The incorporation of (±)-N-norprotosinomenine, (±)-N-nororientaline, (±)-N-nor-reticuline, (±)-norlaudanosoline, (±)-protosinomenine, and N-[2-(3-hydroxy-4-methoxyphenyl)ethyl]-2-(4-hydroxyphenyl)ethylamine into cocculidine has been studied, and the specific utilization of the (±)-N-norprotosinomenine demonstrated. A double labelling experiment with (±)-[1-3H, 4′-methoxy-14C]-N-norprotosinomenine showed that the 4′-O-methyl group of the precursor is retained in the bioconversion and the erythrinan ring system is not formed by addition of the secondary amino function onto an ortho-quinone system. Parallel experiments with (+)- and (–)-N-norprotosinomenine demonstrated specific incorporation of the (+)-isomer into cocculidine. High incorporation of cocculidine into cocculine revealed that O-demethylation is the terminal step in the biosynthesis of the latter. Feeding experiments also revealed that the plants can convert isococculidine into cocculidine with very high efficiency.

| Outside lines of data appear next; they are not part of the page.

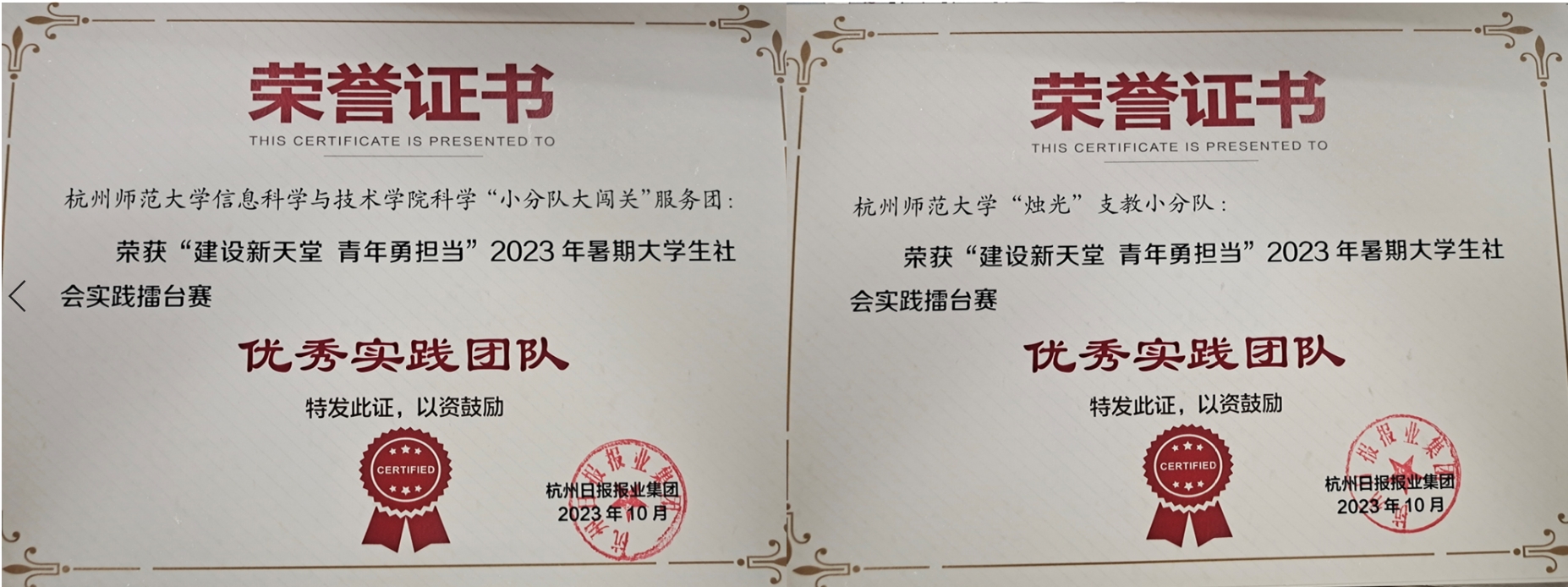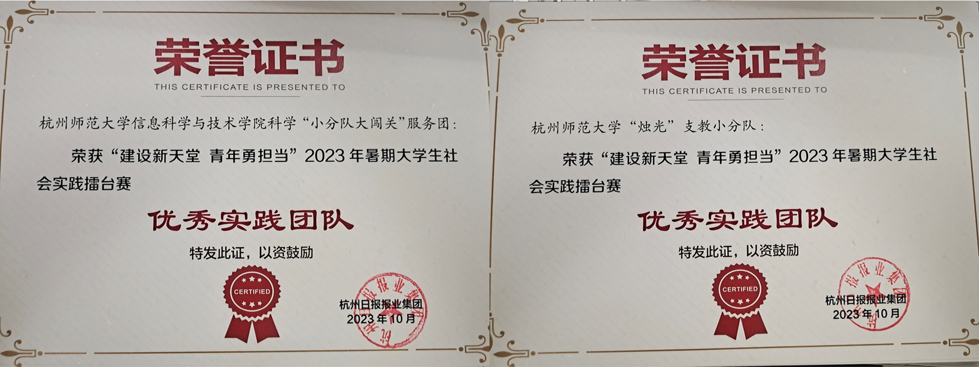 两个团队荣获“优秀实践团队”荣誉称号,杨鹏飞和方美红老师荣获“优秀指导教师”荣誉称号。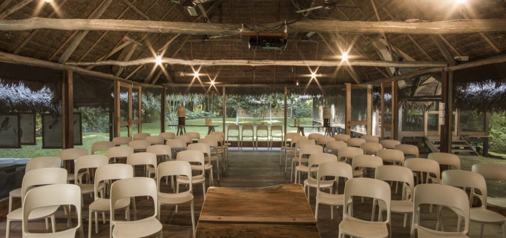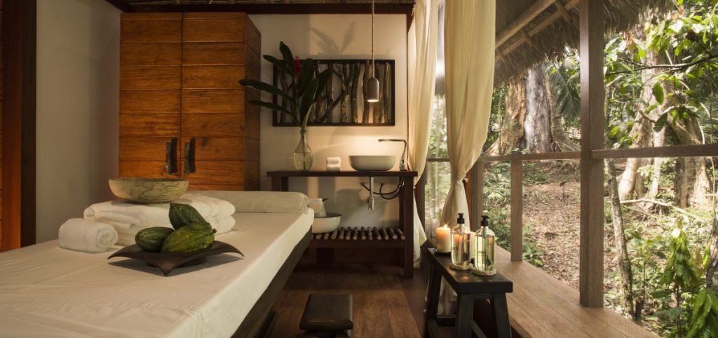in your comfy cabaña, listen to the intriguing sounds of critters that inhabit the rainforest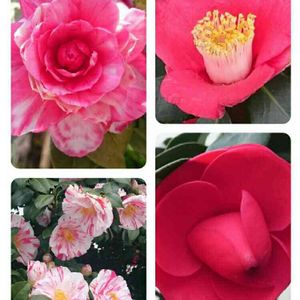 桜と椿のコラボレーション 始まりました🌸🌸 🌼🌼 真っ赤とマーブルの大きい椿のコラボも素敵です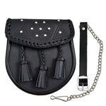Scottish Black Leather Kilt Sporran With Tassels Leather Sporran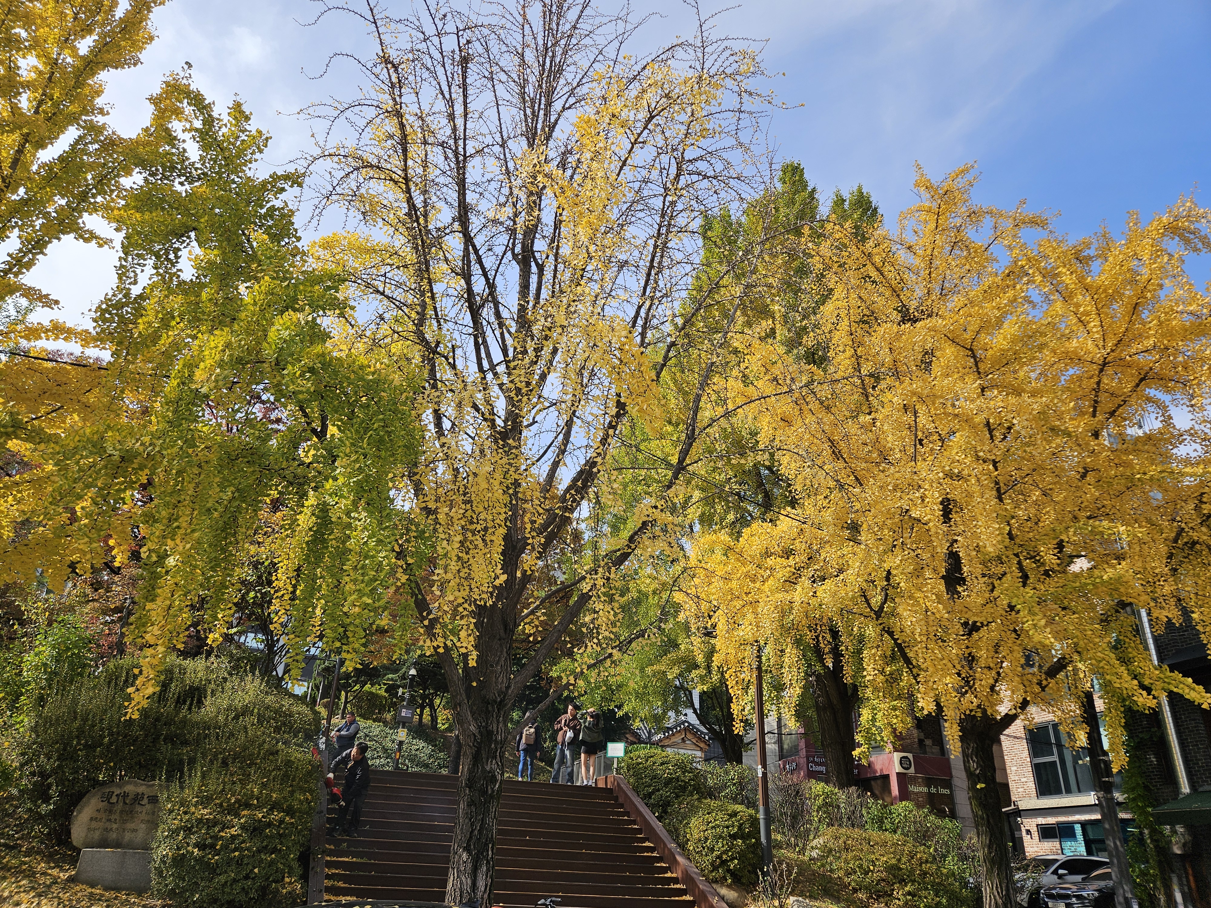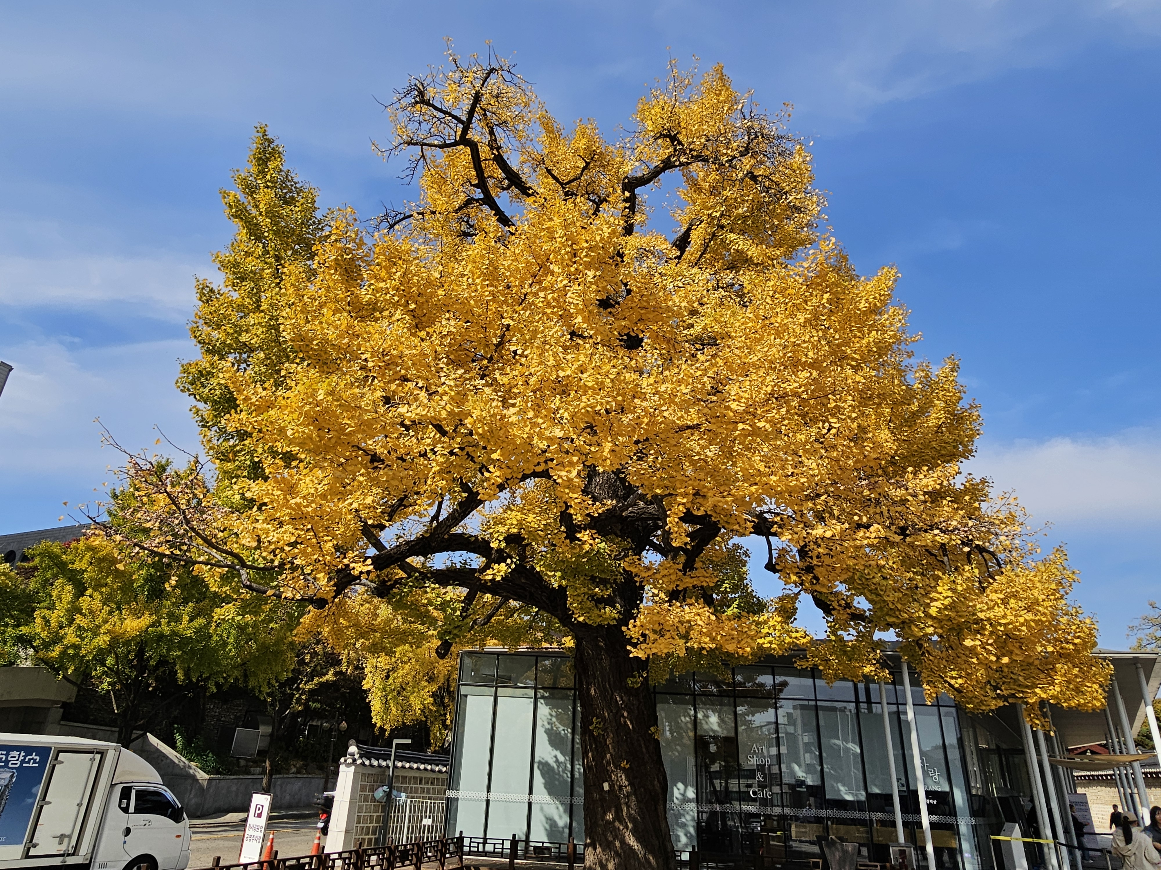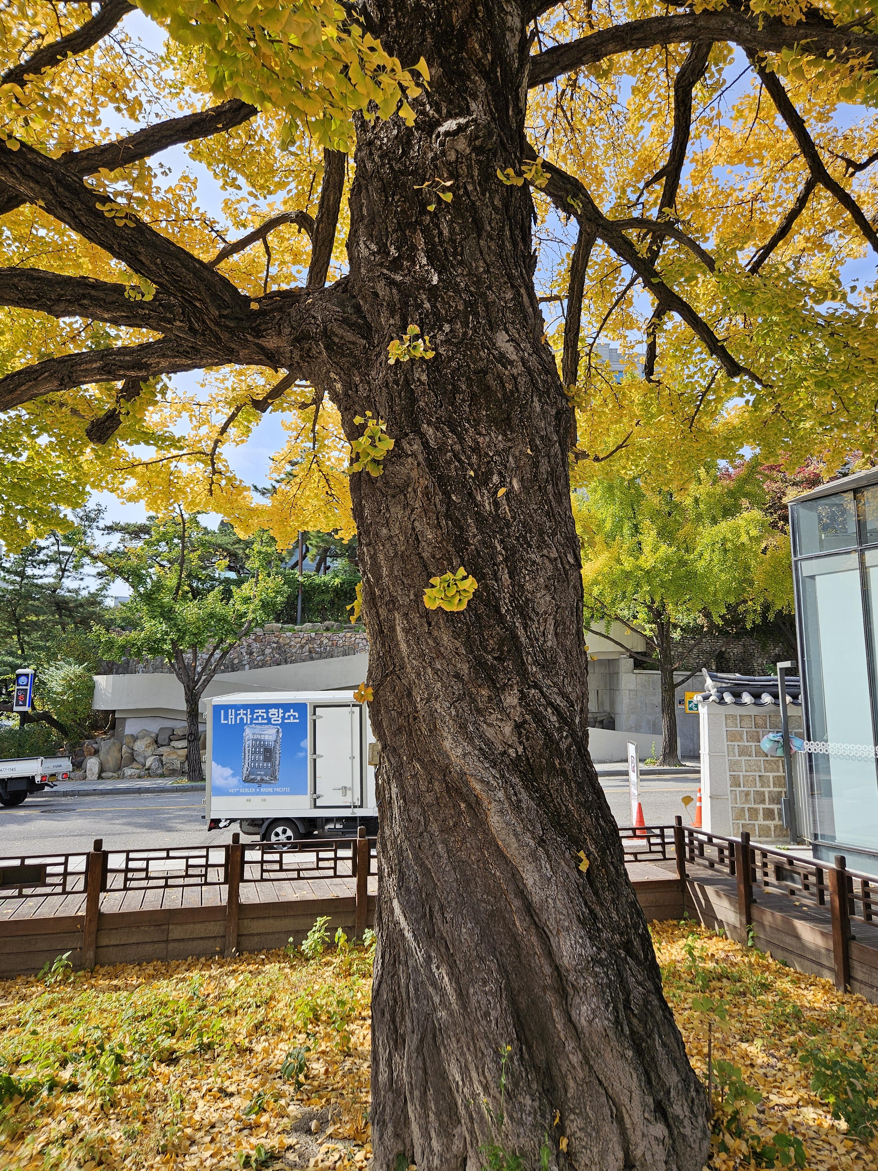 완연한 가을날씨가 이어지면서, 점심시간에 잠시 산책하다가 창덕궁 입구에 있는 은행나무와 창덕궁에서 750년이 넘은 향나무 위쪽에 있는 은행나무가 완전히 노랗게 물들어 가는 이의 발걸음을 멈추게 하고 있었습니다.

Biosynthesis of reticuline

The incorporation of tyrosine, dopa, dopamine, and 4-hydroxy- and 3,4-dihydroxy-phenylpyruvic acids into reticuline in Litsea glutinosa has been studied, and it has been demonstrated that dopa and dopamine contribute only to the formation of the phenethylamine portion; the benzylic portion is biosynthesized from 3,4-dihydroxyphenylpyruvic acid not derived from dopa. Tyrosine and 4-hydroxy- and 3,4-dihydroxy-phenylpyruvic acids participate in the formation of both ‘halves’ of reticuline. Tracer experiments have shown the intermediacy of norlaudanosoline-1-carboxylic acid, norlaudanosoline, and didehydronorlaudanosoline in the biosynthesis of reticuline. Incorporation studies with (±)-4′-O-methylnorlaudanosoline, (±)-laudanosoline, (±)-6-O-methylnorlaudanosoline, and (±)-nor-reticuline have demonstrated that O-methylation prededes N-methylation and that there is no rigid selectivity of O-methylation in the biosynthesis of reticuline.

Biosynthesis of isococculidine

Tracer experiments prove that the Erythrina alkaloid, isococculidine, is biosynthesised in Cocculus laurifolius from (+)-norprotosinomenine.